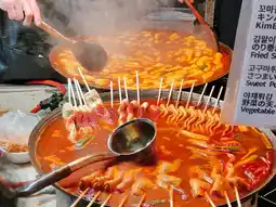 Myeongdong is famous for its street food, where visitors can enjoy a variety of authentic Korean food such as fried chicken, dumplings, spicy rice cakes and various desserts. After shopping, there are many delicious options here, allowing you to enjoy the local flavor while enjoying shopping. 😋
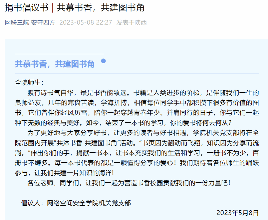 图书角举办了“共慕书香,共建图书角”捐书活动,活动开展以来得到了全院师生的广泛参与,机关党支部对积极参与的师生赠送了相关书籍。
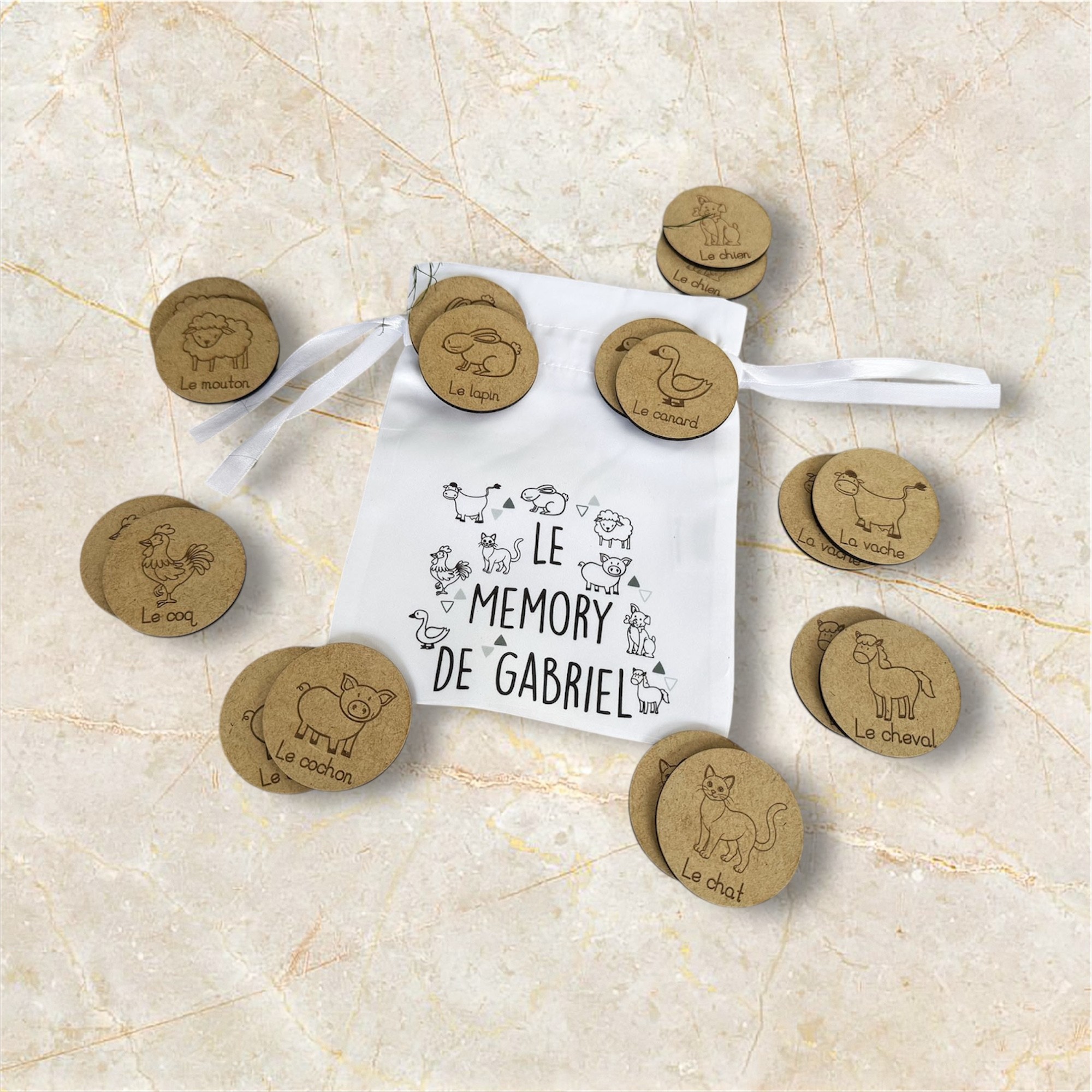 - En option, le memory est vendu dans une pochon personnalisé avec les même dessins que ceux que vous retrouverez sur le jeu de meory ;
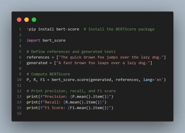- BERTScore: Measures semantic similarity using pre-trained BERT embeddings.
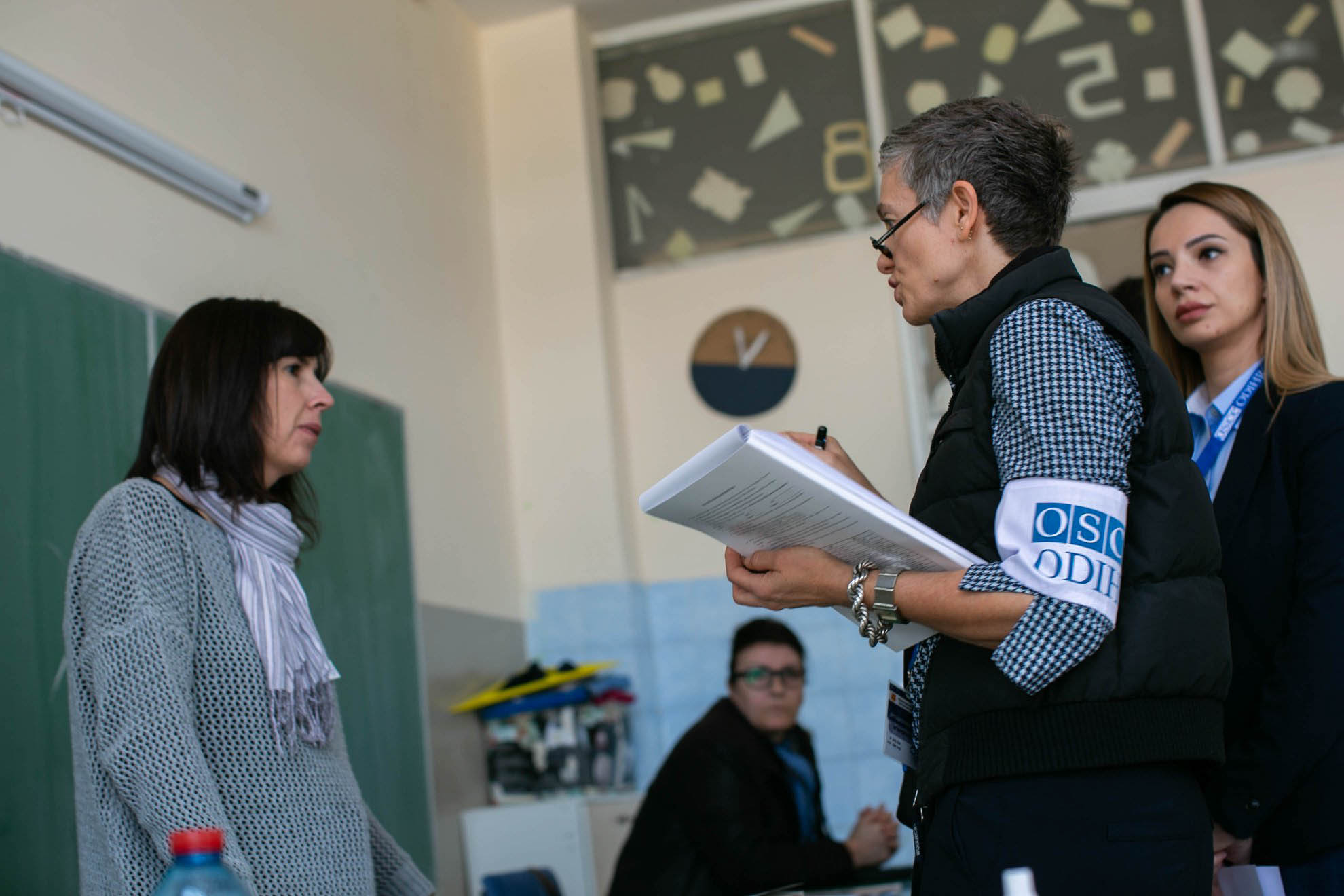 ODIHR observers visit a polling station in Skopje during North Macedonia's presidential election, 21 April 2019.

▶ **Problem**
Pictures in the entries are to be skipped, and everything else repeated word for word.

▶ **Completed task**
 Myeongdong is famous for its street food, where visitors can enjoy a variety of authentic Korean food such as fried chicken, dumplings, spicy rice cakes and various desserts. After shopping, there are many delicious options here, allowing you to enjoy the local flavor while enjoying shopping. 😋
 图书角举办了“共慕书香,共建图书角”捐书活动,活动开展以来得到了全院师生的广泛参与,机关党支部对积极参与的师生赠送了相关书籍。
 - En option, le memory est vendu dans une pochon personnalisé avec les même dessins que ceux que vous retrouverez sur le jeu de meory ;
- BERTScore: Measures semantic similarity using pre-trained BERT embeddings.
 ODIHR observers visit a polling station in Skopje during North Macedonia's presidential election, 21 April 2019.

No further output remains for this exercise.